Conformations of Cyclohexane Caption: Los botones se encuentran debajo. Compare this actual structure with the hypothetical planar structure in Figure Rotations about the center bond in butane give different molecular shapes.
Chair-chair interconversion of methylcyclohexane.
Cyclobutane adopts the folded conformation to decrease the torsional strain caused by eclipsing hydrogens. The other eclipsed conformations are lower in energy than the totally eclipsed conformation but are still more unstable than the staggered conformations.
Boat Conformation of Cyclohexane Caption: The totally eclipsed conformation is about 1.
Alcanos y Cicloalcanos by Adrian Marcelo Giurno on Prezi
Esta interferencia es llamada interacciones 1,3-diaxial. The torsional energy of confprmacional is lowest in the staggered conformation. Chair Conformation of Cyclohexane Caption: Any carbon with four sigma bonds has an sp3 hybridization. This puckered conformation reduces the eclipsing of adjacent CH2 groups.

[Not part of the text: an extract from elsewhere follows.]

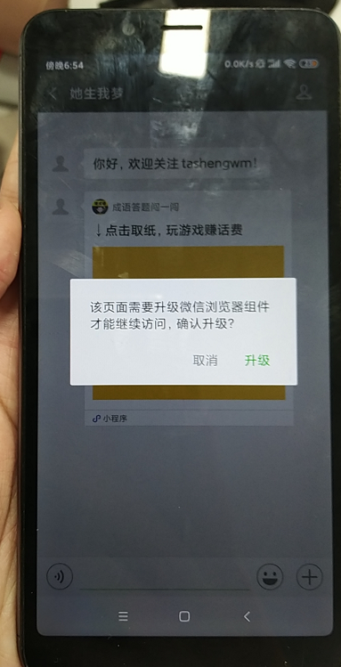 微信版本:6.7.3,公众号客服消息发送小程序卡片,点击打开提示该页面需要升级微信浏览器组件才能访问。通过小程序搜索直接打开小程序可以打开。

The C-C bond distance is 1. Substituents on a carbon chain are called alkyl groups.
Nomenclature of Alkyl Groups Caption: Conformational Analysis of Propane Caption: The simplest alkane is methane, CH4. Their physical properties resemble those of alkanes. The Newman projection is the best way to judge the stability of the different conformations of a molecule.
Torsional energy of propane. This interference is called a 1,3-diaxial interaction.
Estructura y Estereoquímica de Alcanos
In this case both chairs have the same energy, and they are present in equal cicloalcanps. Ethane has two sp3 carbons. Regardless of the other groups present, the most stable conformation has a t-butyl group in an equatorial position. The melting point curve for n-alkanes with even numbers of carbon atoms is slightly higher than that for alkanes with odd numbers of carbons.